_YOUR GOAL:_
In the entries below, find the line with "Ліжко Грація Преміум" and the line with "Запасные: 8 Кайоде". Repeat exactly everything between them, those two lines included, but not the pictures.

_LISTED RECORDS:_

--- START ---

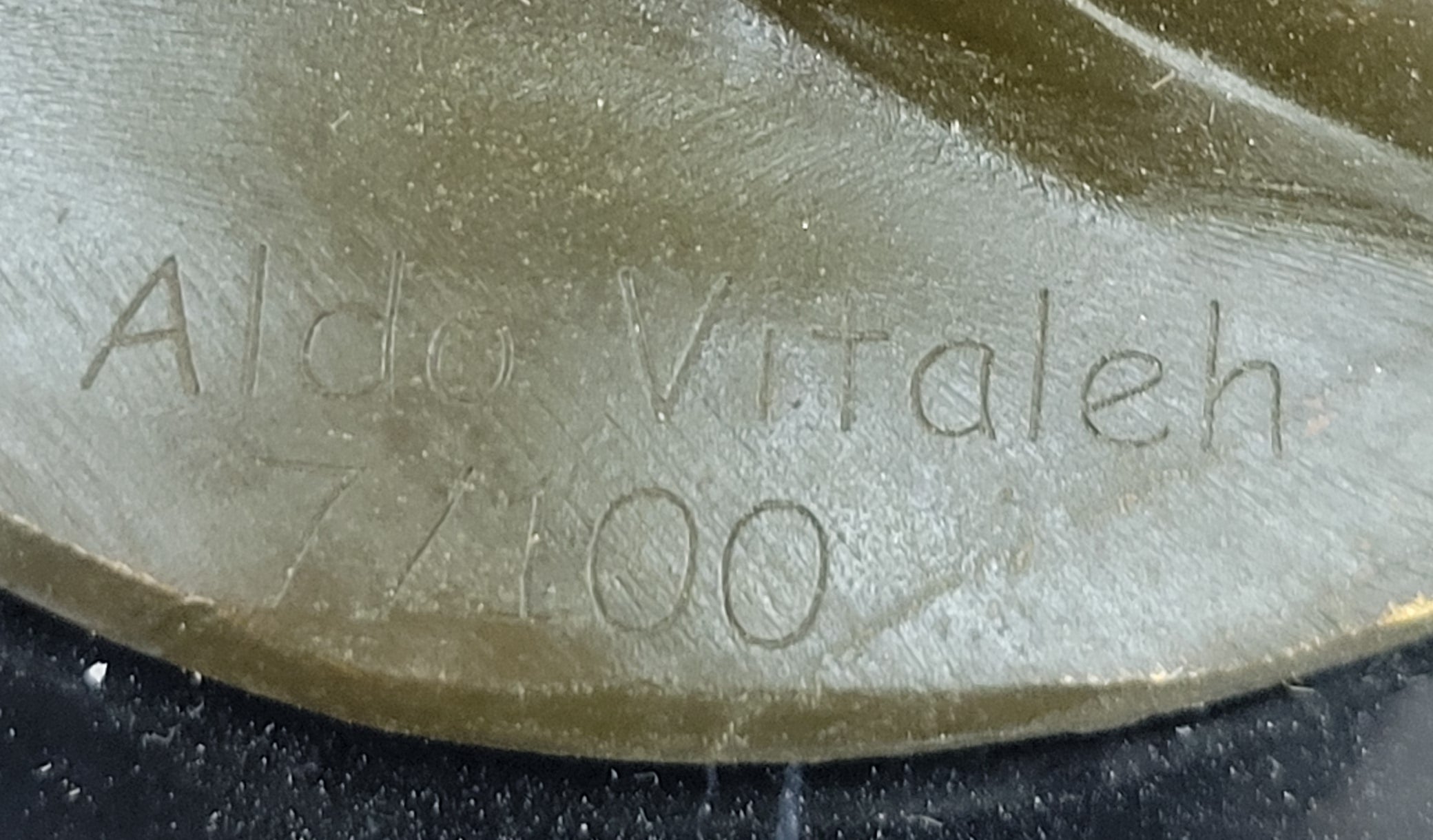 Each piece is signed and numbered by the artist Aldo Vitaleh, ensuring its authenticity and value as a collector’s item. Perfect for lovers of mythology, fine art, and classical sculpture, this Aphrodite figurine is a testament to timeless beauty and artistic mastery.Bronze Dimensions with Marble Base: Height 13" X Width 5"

--- END ---
--- START ---

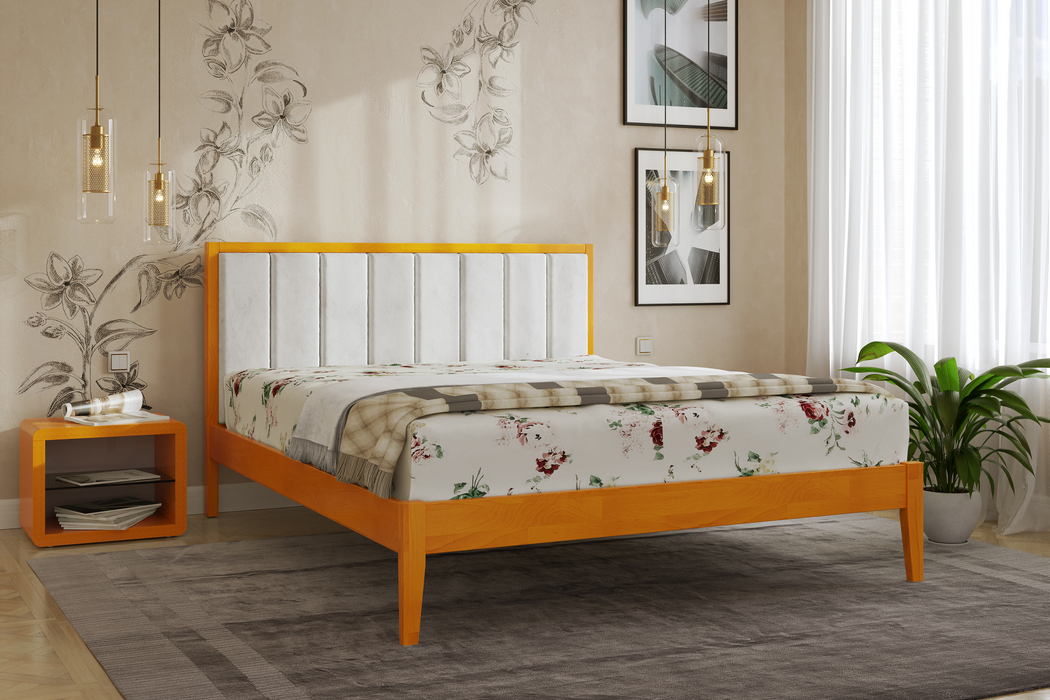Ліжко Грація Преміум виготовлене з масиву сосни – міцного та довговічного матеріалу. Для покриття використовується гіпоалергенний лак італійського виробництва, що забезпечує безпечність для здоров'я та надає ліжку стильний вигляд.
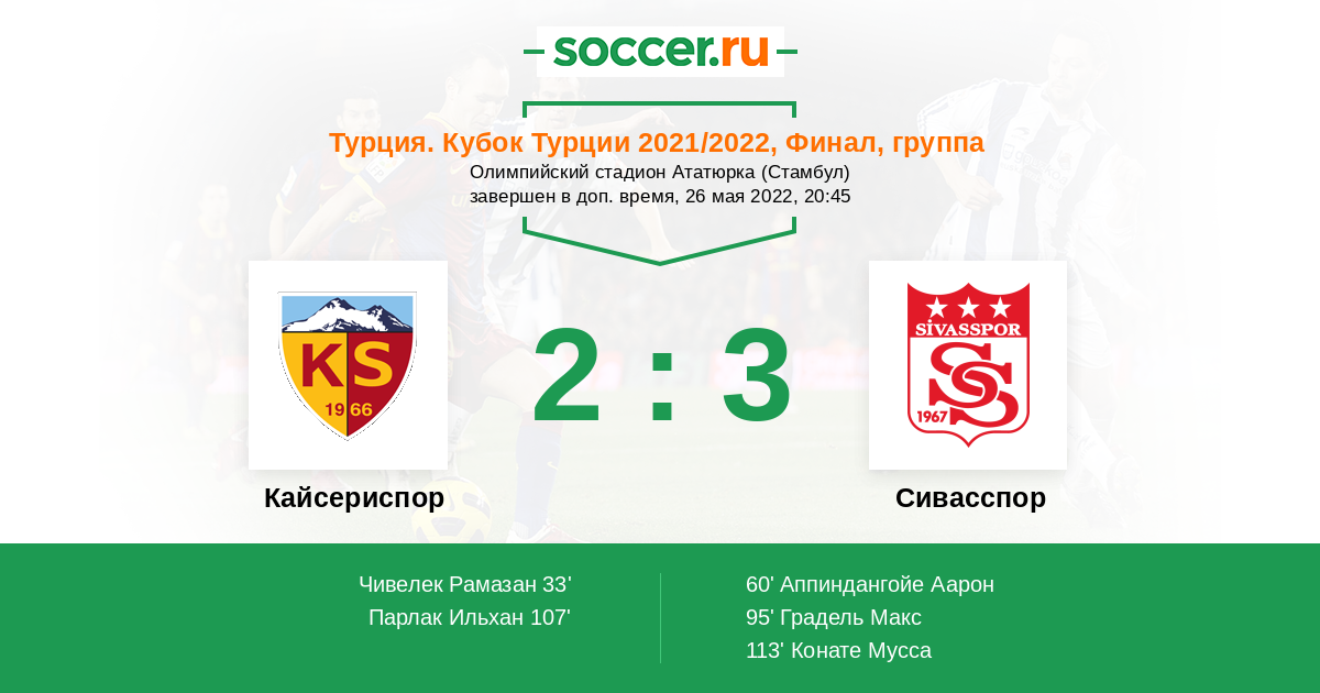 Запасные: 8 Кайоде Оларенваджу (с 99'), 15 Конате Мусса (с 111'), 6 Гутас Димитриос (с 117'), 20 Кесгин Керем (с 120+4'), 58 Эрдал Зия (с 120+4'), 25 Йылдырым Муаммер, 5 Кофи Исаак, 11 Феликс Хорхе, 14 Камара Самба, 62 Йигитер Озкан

--- END ---

_SOLUTION:_
Ліжко Грація Преміум виготовлене з масиву сосни – міцного та довговічного матеріалу. Для покриття використовується гіпоалергенний лак італійського виробництва, що забезпечує безпечність для здоров'я та надає ліжку стильний вигляд.
 Запасные: 8 Кайоде Оларенваджу (с 99'), 15 Конате Мусса (с 111'), 6 Гутас Димитриос (с 117'), 20 Кесгин Керем (с 120+4'), 58 Эрдал Зия (с 120+4'), 25 Йылдырым Муаммер, 5 Кофи Исаак, 11 Феликс Хорхе, 14 Камара Самба, 62 Йигитер Озкан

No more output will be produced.